For several months, I had been editing a new edition of a textbook (Atlas of the Canine Brain, ISBN 978-0-916182-17-5). This book was first published in Russian in 1959, then translated and published in English in 1964. Although the English book was for sale, the publishing company (NPP Books) had only a limited number of copies left. So, a Print-On-Demand (POD) version of the book was needed. Of course, in 1964 there were no personal computers. (Even in the early '70's, I was still using punched cards.) The book was written by typewritten on 8.5" by 11" paper, but the original manuscript, which also included the figures, was lost.
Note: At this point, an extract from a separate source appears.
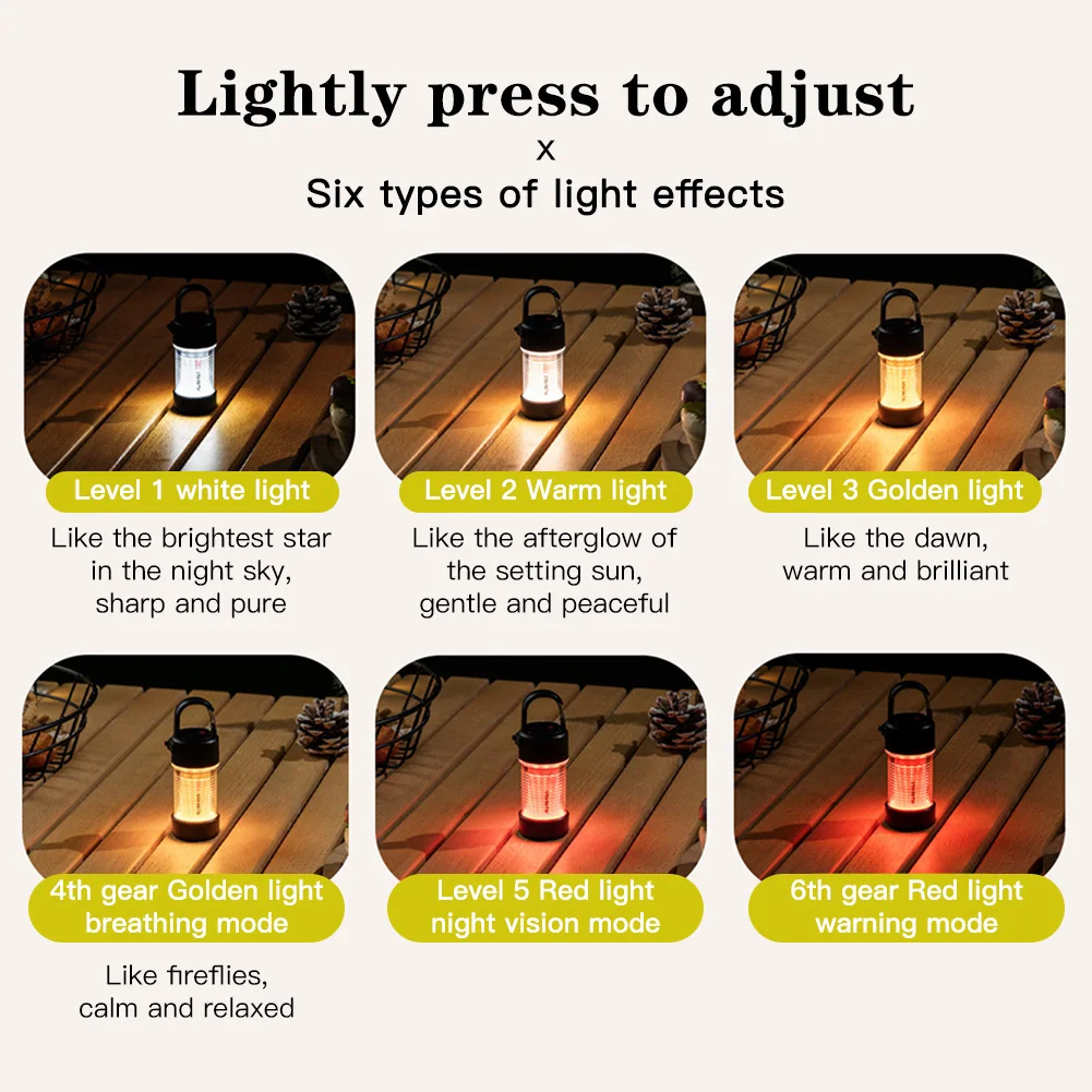 Product Name: RHL4 Mini Camping Light Battery life: 5-40H Product weight: 59g (single lamp) Product size: ф 32mm * H96mm Battery Type: Lithium Battery Battery capacity: 1200mAh Product Material: Alloy Material, ABS Silicone Stainless Steel Product brightness: 200-10 lumens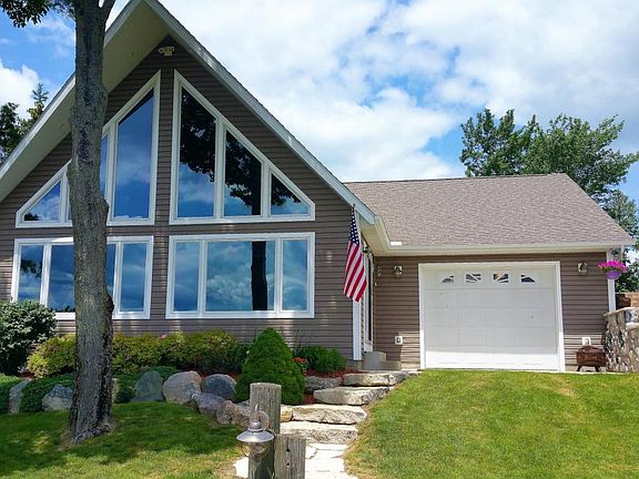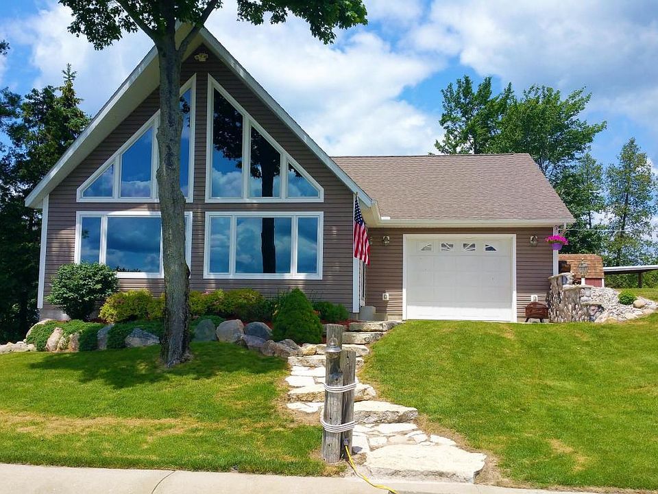 One of a kind opportunity! 2 for 1, Custom build home with prime south facing frontage on amazing all-sports Chippewa Lake, and an additional property with frontage on the lake access channel. Built in 2009, the home is grandiose, and has everything you would want in a lake living experience. Massive tinted glass wall gives you a spectacular view of the lake, which is just a few feet from the front of the home. Stone Fireplace, lofted ceilings, open concept living areas, and a drive-through attached garage make this home unique and a must see. The second property is the envy of the neighborhood, and just across he street, featuring premium lake channel frontage, a three plus car garage, and large heated workshop, all on a double lot. Includes an immaculate pontoon! Call for the full list!

Fortunately, the text and figures were recovered from the Russian and English books using a scanner and optical character recognition (OCR). Call me old fashioned, but it still seems quite remarkable that the technology exists to recover text from old books.

However, despite the help of these technologies, the results were far from having the text in a document markup language (LATEX), which is used to produce a typeset quality PDF file of the book. Current OCR technologies do not produce 100% accurate results, do not generally work well when text is underlined, is super- and subscripted, has language-dependent character accents, or text that is formatted in tables.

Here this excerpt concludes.